### Items from a data source
☆ ☆ ☆

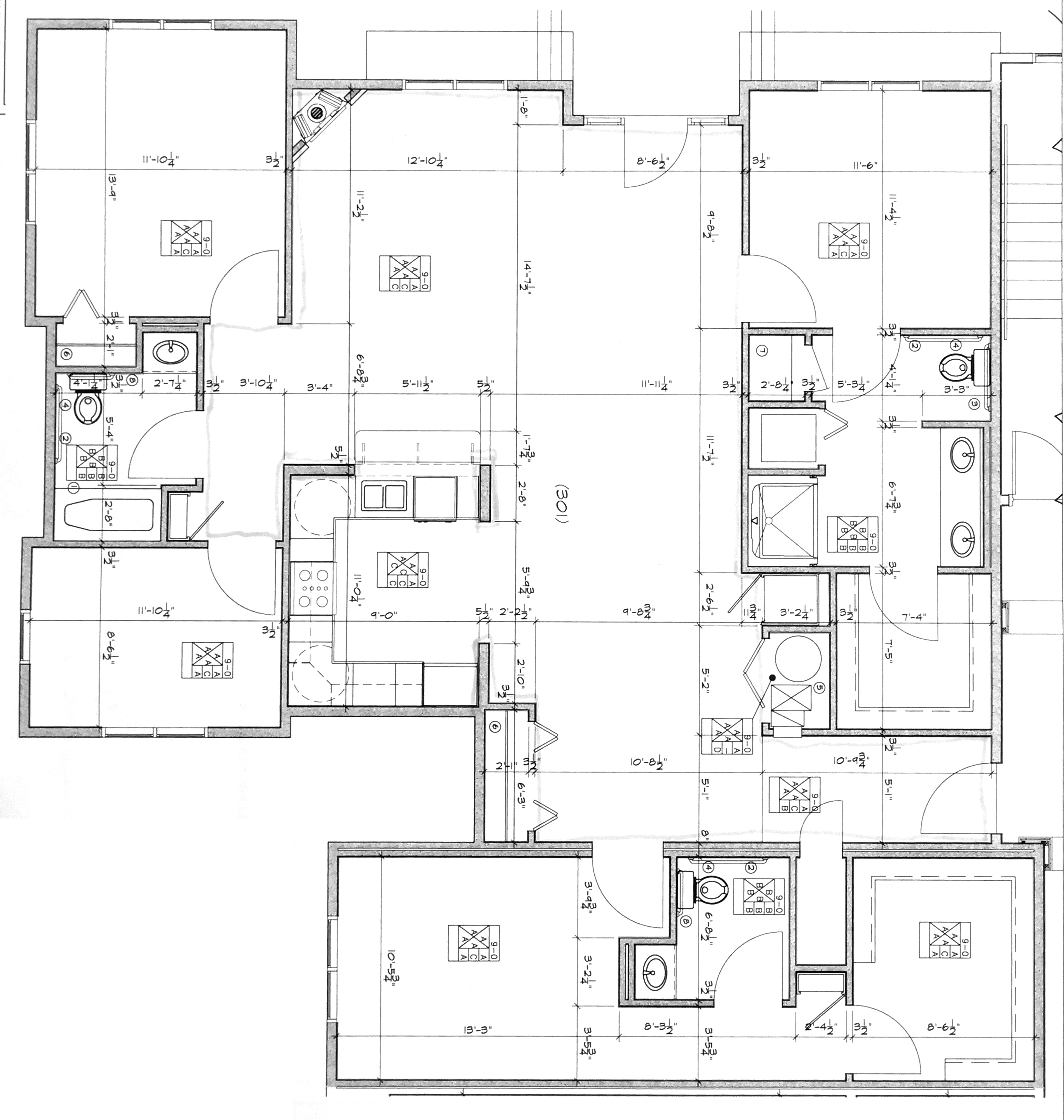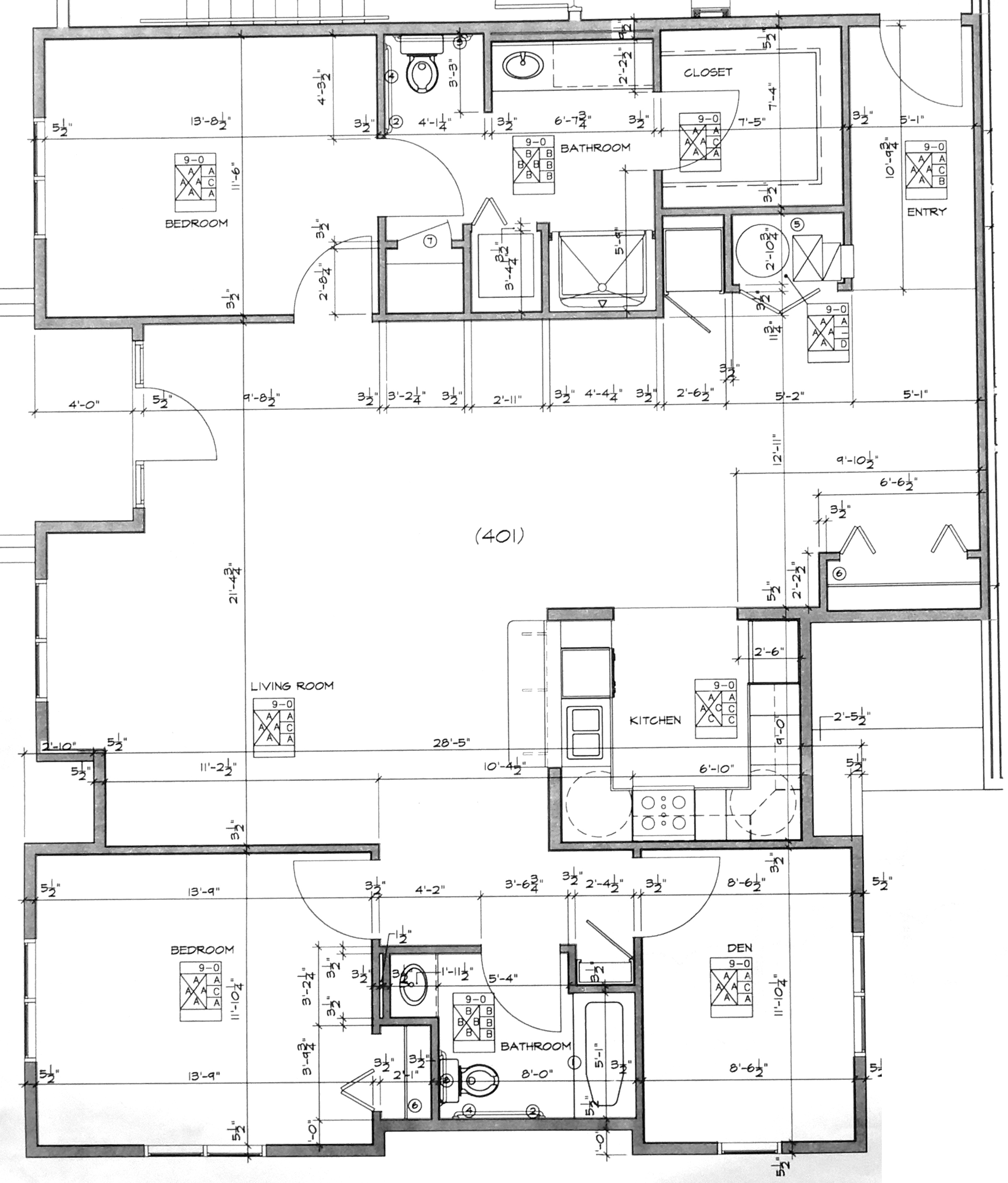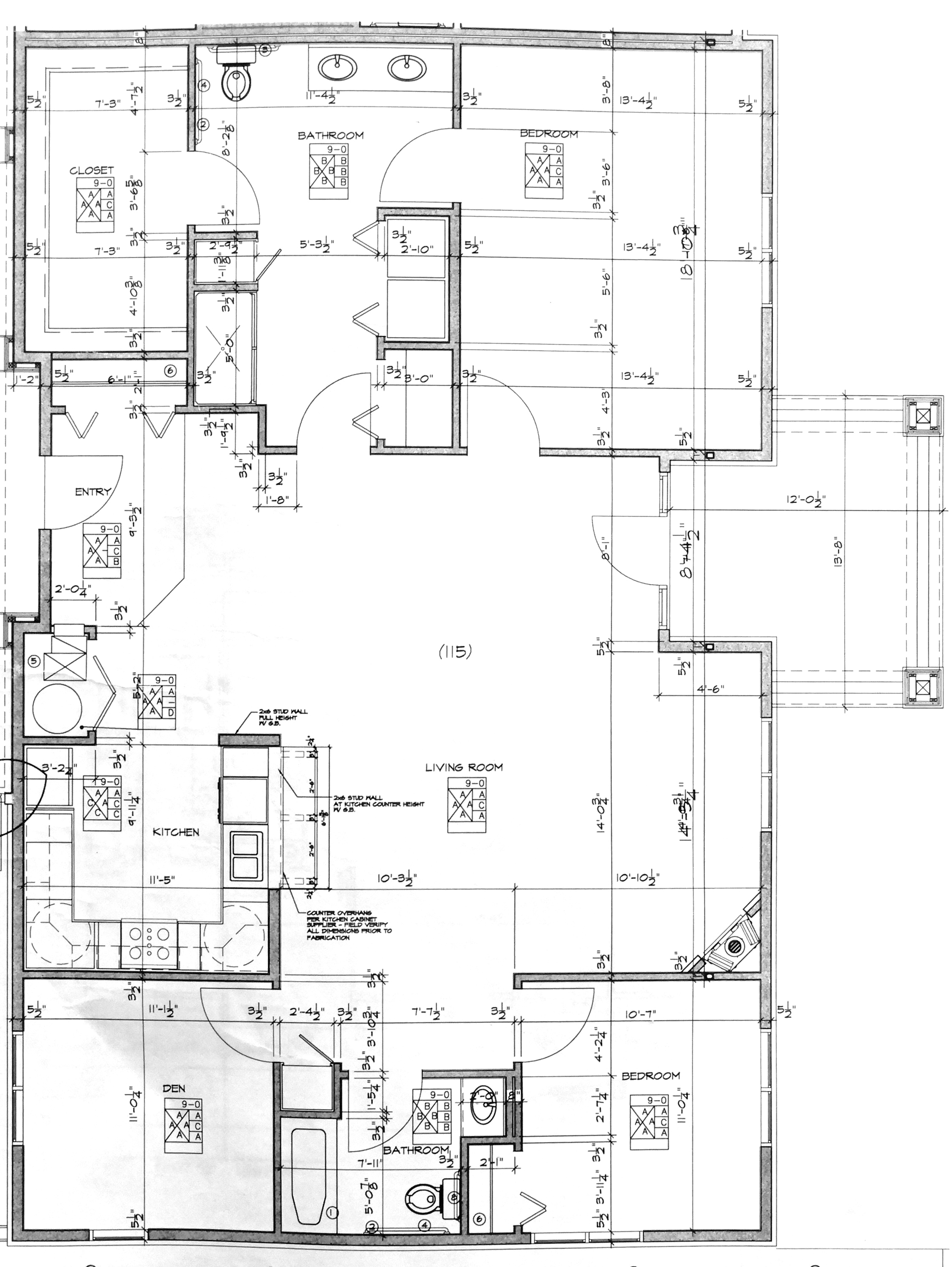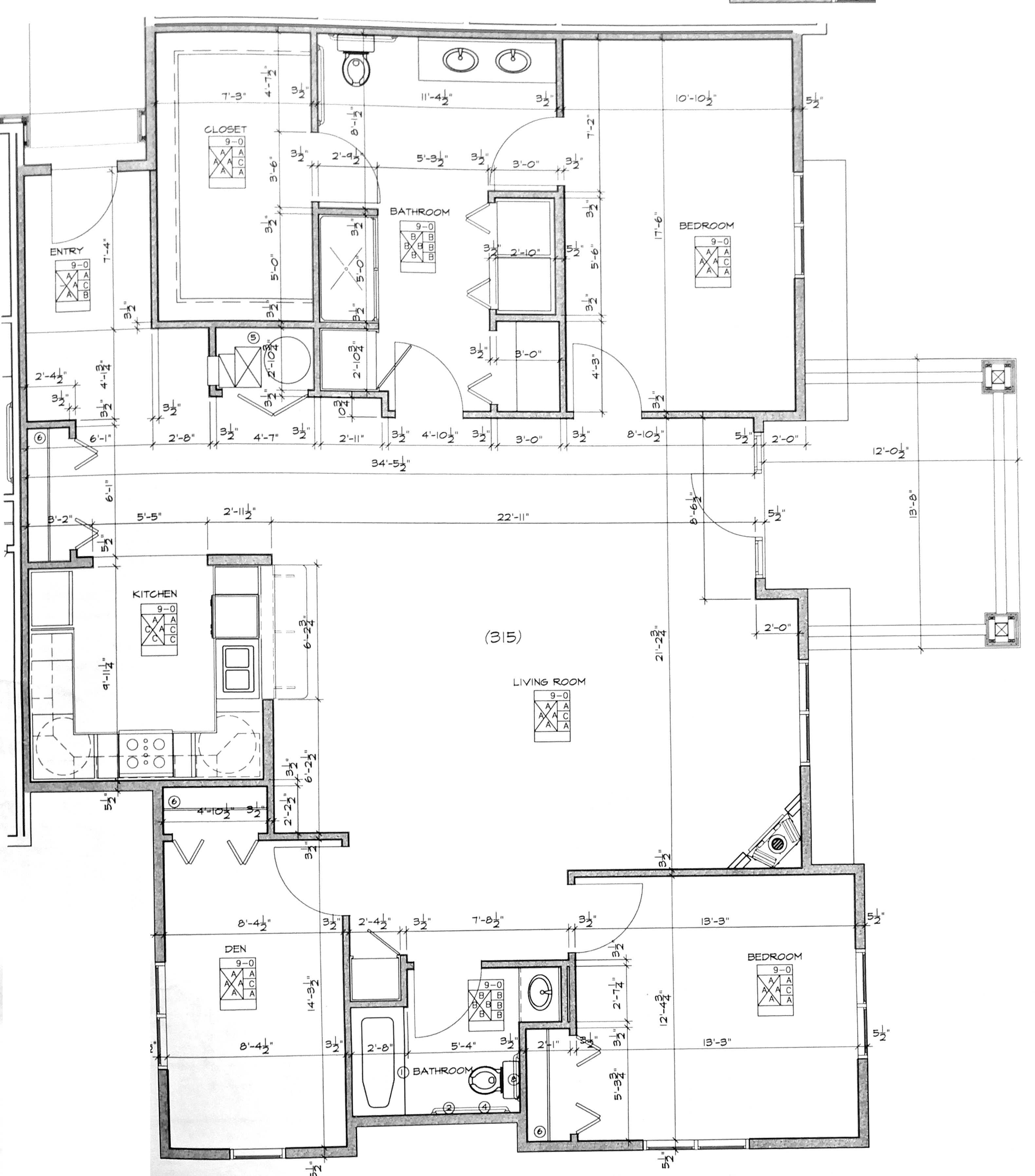 It was part of a standard 1358 square foot 2 bedroom, 2 bathroom, and den unit that was split.
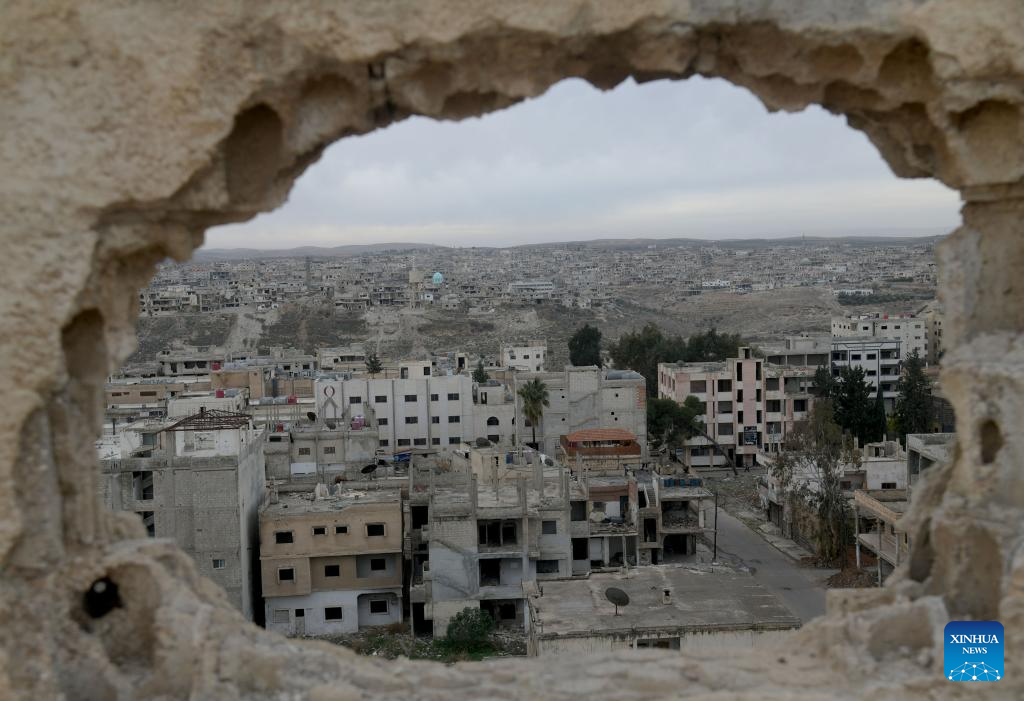 This photo taken on Jan. 22, 2025 shows a view of the war-torn Daraa city, the capital of Daraa province, Syria. (Photo by Ammar Safarjalani/Xinhua)
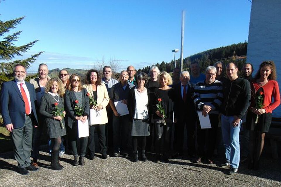 Bei strahlendem Sonnenschein begrüßte Alfred Reichert, Vorsitzender des BRK Oberallgäu, die diesjährigen Arbeitsjubilare des Kreisverbands im Berggasthof Kranzegg.
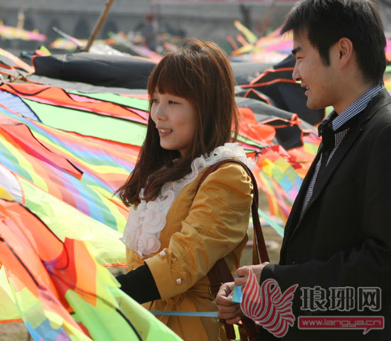 3月26日,罗庄区双月湖公园内,一对情侣正在选购风筝。连日来我市天气以晴好为主,随着气温的不断回升,市民纷纷走出家门,亲近自然,拥抱春天。
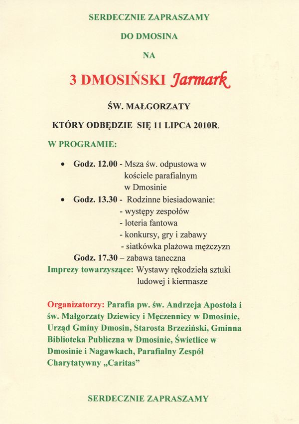 3 Dmosiński Jarmark Opublikowano: 09 lipca 2010 15:40 Kategoria: Aktualności Wydrukuj Załączniki: Plakat [61.37 KB]Wyświetleń: 1248 Zobacz równieżPowszechny Spis Rolny 2010Dożynki Gminno - Parafialne 2010 DOTACJE UNIJNE NA ROZPOCZĘCIE DZIAŁALNOŚCI...3 Dmosiński Jarmark Gmina Dmosin zakończyła realizację projektu "OKNO... Bezpłatne szkolenie dla osób odchodzących z...

☆ ☆ ☆

### Work to be completed
The response should contain every record above exactly as written, and none of the pictures.

### Solution to this exercise
 It was part of a standard 1358 square foot 2 bedroom, 2 bathroom, and den unit that was split.
 This photo taken on Jan. 22, 2025 shows a view of the war-torn Daraa city, the capital of Daraa province, Syria. (Photo by Ammar Safarjalani/Xinhua)
 Bei strahlendem Sonnenschein begrüßte Alfred Reichert, Vorsitzender des BRK Oberallgäu, die diesjährigen Arbeitsjubilare des Kreisverbands im Berggasthof Kranzegg.
 3月26日,罗庄区双月湖公园内,一对情侣正在选购风筝。连日来我市天气以晴好为主,随着气温的不断回升,市民纷纷走出家门,亲近自然,拥抱春天。
 3 Dmosiński Jarmark Opublikowano: 09 lipca 2010 15:40 Kategoria: Aktualności Wydrukuj Załączniki: Plakat [61.37 KB]Wyświetleń: 1248 Zobacz równieżPowszechny Spis Rolny 2010Dożynki Gminno - Parafialne 2010 DOTACJE UNIJNE NA ROZPOCZĘCIE DZIAŁALNOŚCI...3 Dmosiński Jarmark Gmina Dmosin zakończyła realizację projektu "OKNO... Bezpłatne szkolenie dla osób odchodzących z...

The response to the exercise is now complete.